- Opening Delimiter -

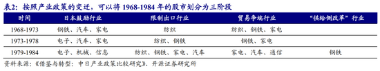 值得注意的是,日本转型期间的产业政策并非一成不变。剔除掉1985年开始的泡沫经济时期,根据日本产业政策的变迁,我们将1968-1984年间的日本产业转型过程分为三个小阶段:
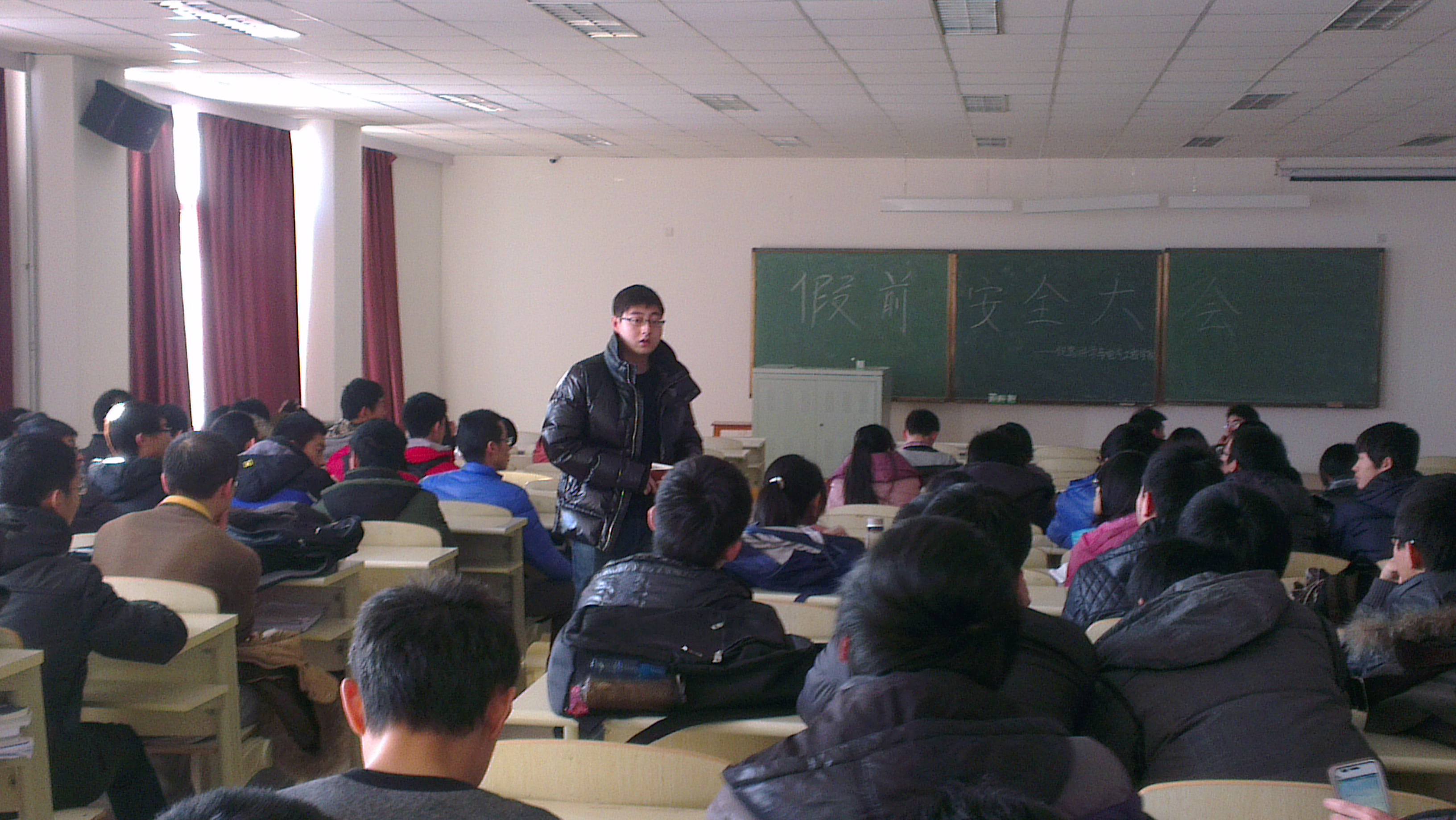 于李四光楼302室召开了期末考前动员暨寒假假前安全教育大会。2012级辅导员蔡印老师出席了本次大会,仪电学院2012级全体同学参加了本次大会。
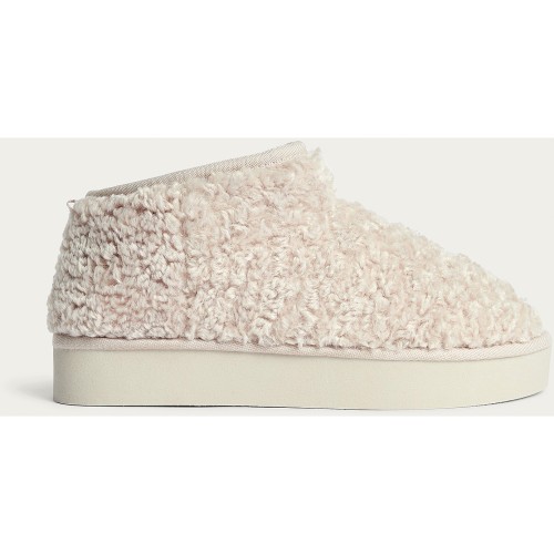 Borg Textured Platform Slippers in Cream

- Closing Delimiter -

### Problem details
Write out the data word for word. Any picture is to be skipped.

### Written reply
 值得注意的是,日本转型期间的产业政策并非一成不变。剔除掉1985年开始的泡沫经济时期,根据日本产业政策的变迁,我们将1968-1984年间的日本产业转型过程分为三个小阶段:
 于李四光楼302室召开了期末考前动员暨寒假假前安全教育大会。2012级辅导员蔡印老师出席了本次大会,仪电学院2012级全体同学参加了本次大会。
 Borg Textured Platform Slippers in Cream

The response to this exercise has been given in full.